Desestiman desaceleración del PIB en el tercer trimestre

El gerente de la División Estudios del Banco Central, Felipe Morandé, señaló que la desaceleración del ritmo de crecimiento de los agregados monetarios observada durante el primer trimestre, no anticipa una baja de la actividad económica en el tercera parte del año, como lo prevén algunos analistas del mercado.

18 de Mayo de 2000 | 12:08 | El Mercurio Online
SANTIAGO.- El gerente de la División Estudios del Banco Central, Felipe Morandé, señaló hoy que la desaceleración del ritmo de crecimiento de los agregados monetarios observada durante el primer trimestre del 2000, no anticipa una baja de la actividad económica en el tercera parte del año, como lo prevén algunos analistas del mercado.

Recordó que durante los últimos tres meses de 1999, los agregados mostraron una expansión inusual, principalmente por los temores de los agentes financieros respecto del cambio de milenio lo que llevó a una mayor demanda por liquidez.

"En el primer trimestre de este año se ha producido un factor de corrección respecto de lo que ocurrió en la segunda mitad de 1999 que implicó riesgos en la administración del sistema financiero por el cambio de milenio. Hubo una mayor demanda por el circulante y el M1A, frente a lo cual el BC proveyó de mayor liquidez para evitar que la mayor demanda estresara a los mercados financieros", comentó Morandé.

Agregó que en el primer trimestre, el sector privado redujo su demanda al tiempo que el instituto emisor retiró el exceso de liquidez, lo que ha afectado al crecimiento de los agregados monetarios.

"Por eso, es cuestionable proyectar un menor crecimiento del producto hacia el tercer trimestre por la baja que han exhibido los agregados monetarios... Yo esperaría un recuperación de la tasa de expansión de éstos durante el segundo trimestre, pero no a niveles del cuarto trimestre del 99, porque en ese período influyó el riesgo que se percibía en el mercado por el cambio de milenio",
dijo.

Al exponer en un encuentro organizado por el Centro de Estudios Públicos (CEP), Morandé sostuvo que en la medida que el producto efectivo y la demanda se recuperen con extremada lentitud, se producirán holguras importantes en la brecha PIB-PIB potencial, lo que redundará en menores presiones inflacionarias, lo que eventualmente incidiría en que la política monetaria no se endurezca.

"Creemos que la holgura va a prevalecer en el tiempo por un período prolongado. Por eso, anticipamos que la inflación se va a mantener dentro del rango meta de 2%-4%, pero más cerca del 3%... Si la expansión del gasto nos pone en una situación donde el producto efectivo tienda a irse muy por encima del potencial, eso va a tener una consecuencia inflacionaria en el futuro, lo que hará necesaria una reacción de la política monetaria ahora", afirmó.

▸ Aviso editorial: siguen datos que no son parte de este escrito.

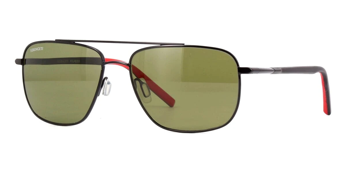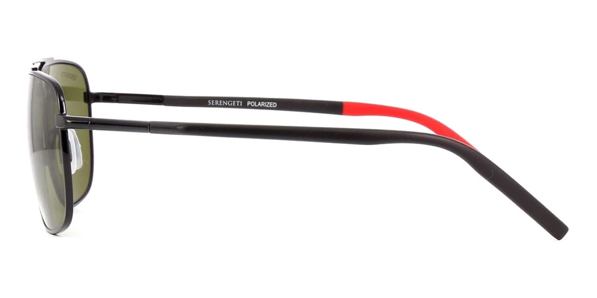 This aviator Serengeti sunglass comes in a shiny black frame with green photochromic polarised phd2.0 mineral lenses.

Indicó que la proyección de crecimiento de la actividad de 6,2% para este año "es coherente, razonable y tranquilizadora" desde el punto de vista del escenario base contenido en el Informe de Política Monetaria, donde los riesgos en el mercado interno y externo están relativamente equilibrados.

Precisó que si el comportamiento de todas las variables que inciden sobre el crecimiento económico y la inflación se modifica en los próximos meses, el próximo informe que se dará a conocer en septiembre tomará en cuenta los diversos escenarios, lo que podría incidir en las perspectivas.

Respecto de la inversión, sostuvo que ésta se recuperará una vez que se cope la capacidad instalada de las empresas. Sin embargo, se mostró confiado en que la menor tasa de expansión que exhibirán los proyectos mineros se verán compensados con los de otros sectores productivos.

Finalmente, Morandé puntualizó que la brecha gasto-producto del año 97 y principios de 1998, permite concluir que "no es saludable que la demanda se expanda rápidamente, a menos que el producto potencial tenga similar comportamiento".